Sure it is, but it doesn't make these people original their work is derivative and there is nothing wrong with that.
I fail to see how lifting an exact copy of an image like the Walker Evans/Levine example is even remotely similar to Jeff Koons work (which I know well)

I would say that derivative work is fine, but not to a point of absolute plagiarism (like Levine's Evans example) where no new interpretation of the work is made.

All this is old hat recycled ideas though and not a 'new conversation' and that is one of the main points, lets not dress up plucking images from a video stream as some kind of new innovation freeing us from the chains of legacy photography, pushing us into the 'brave new world' of 'cameraless' photography or other such 'luvyness'
The king has no clothes.
 
I would return to Szarkowski's Looking at Photographs or The Photographer's Eye; and the Gallery of Rangefinderforum.com. After this I don't think many of the original post's propositions are defensible.

All crafts require the acquisition of skills with the tools of the trade. Some degree of software cleverness is for most of us now also a prerequisite. If we are acquiring our own images then we will need a camera. And we will need to have learnt how to use that, and other cameras, and we will need to have taken a lot of pictures and got reasonably good at it. Alvarez Bravo's contention that he was a photographer years before he ever held a camera only has meaning because he subsequently held, and used, magnificently, a camera.
 
Joachim Schmid has been known as a photographer for three decades - since the 1980s - and has been widely published, and his work exhibited in many major international galleries and museums. But he doesn’t take photographs, instead he collects and displays other peoples’. He is particularly famous for his “found photography” work, where he picks up discarded snapshots - torn and ruined - from the streets and displays them: see reused snapshots.
I'm afraid I'm not post-modern enough to comprehend how finding a finished photo counts as being a photographer.

I mean, even repacking the same ideas that have been shot countless times before result in different images because of different styles of shooting and the like. I don't really see Schmid or even Ruff's contemporary work as photography but rather I see Schmid as a conceptual/appropriation artist and Ruff as a digital artist for the same reason I don't consider a sculptor to also be a quarry worker.

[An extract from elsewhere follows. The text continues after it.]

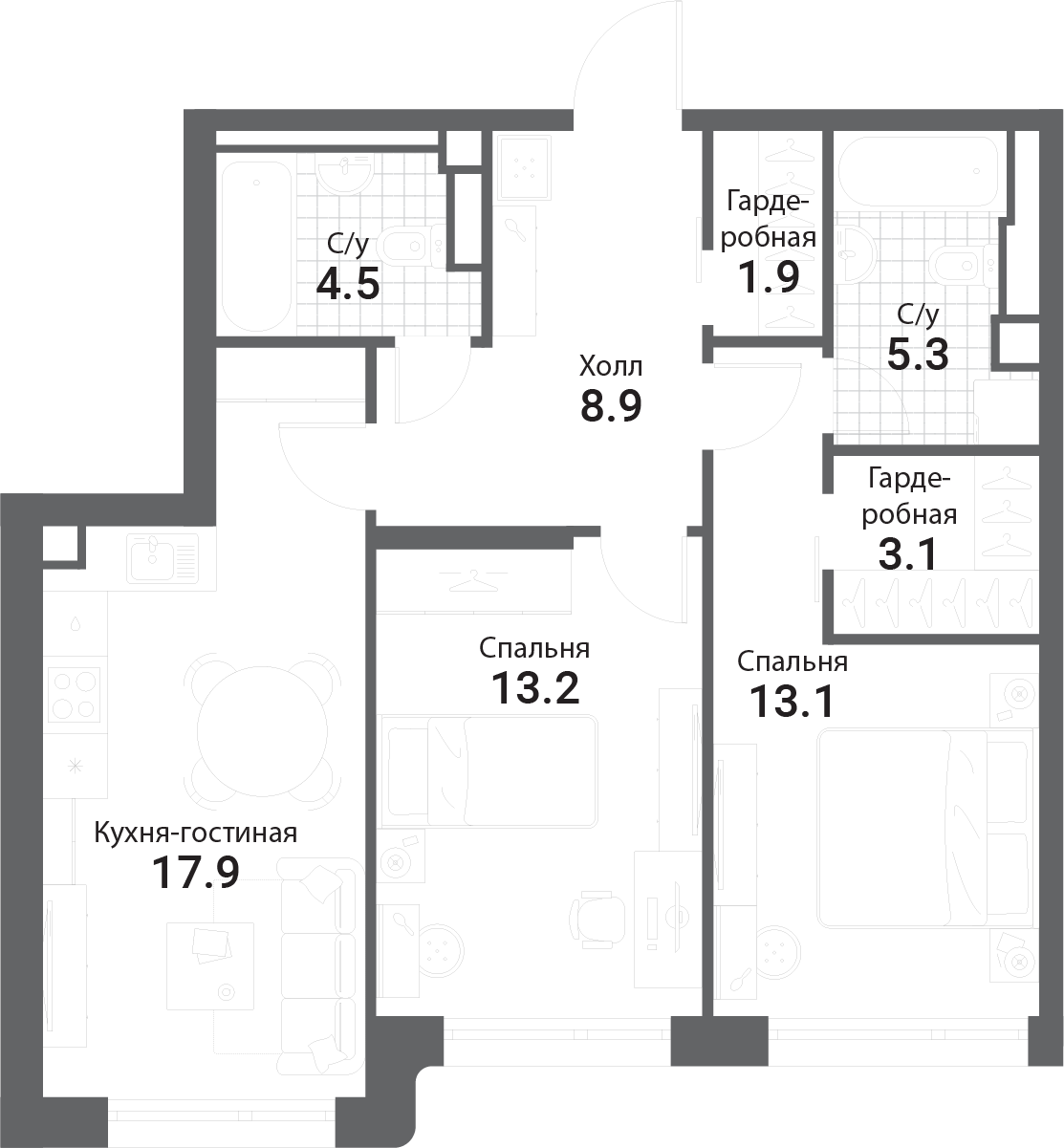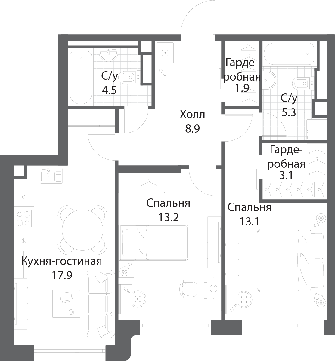 67.9 м²

Maybe I'll one day see anyone working with photographic images is a photographer, but until then Hannah Hoch will remain a collage artist, Gottfried Helnwein's hyperrealist paintings based on photographs will remain paintings and not photographic derivitives, and Sherrie Levine as a photographer in the most technical sense but primarily as an appropriation artist, at least in my eyes.

It's pretty late here so I hope I'm coherent enough for this to make sense
 
OK, let's take the example I gave of contemporary photographers exploring the virtual world of Google, since calling these practitioners "photographers" seems inappropriate to some here.

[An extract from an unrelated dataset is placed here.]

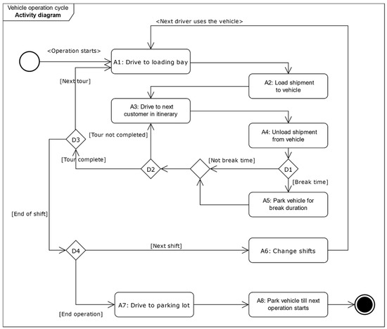 Activity diagram of vehicle operation cycle.

The appropriation of Google images is a new - and relevant - conversation. It comments on our relationship with technology and the world, in particular the impact of the former on the latter.

Our view and understanding of the world is increasingly mediated by the camera and remote viewing, and the virtual is often more familiar than real.

Consider modern warfare: we experience it at a remove, whether as the public seeing highly selective media images (with journalists "encouraged" to be embedded within the military forces) or as combatants killing at a distance (most notably as drone operators).

And in the UK, we are the most surveilled society in the world, with an estimated 2-4 million CCTV cameras in the country, most operated by private companies.

As a final example, a writer overheard two teenagers flying for the first time:

"'Woah! It looks just like Google Earth!' (It helps if you imagine Keanu Reeves [The Matrix] saying this.)"

This is a complete inversion of how humans have usually experienced the world hitherto. To these teenagers, a simulation did not represent reality, it was reality. To them, Google Earth did not look like the world: the world looked like Google Earth.

Look around you. Virtuality is increasingly becoming the norm, with reality experienced at a remove: rather than talk to their companions, friends sit in silence next to each other communicating via texts and social media; rather than meet face to face, we video conference; when we want to see something, we turn to Google Earth and Google Maps - and that virtual representation we increasingly take as truth, to the extent that we make decisions about what we see in Google, or are content that visiting the scene in Google is equivalent to reality, so physically going there in person is unnecessary.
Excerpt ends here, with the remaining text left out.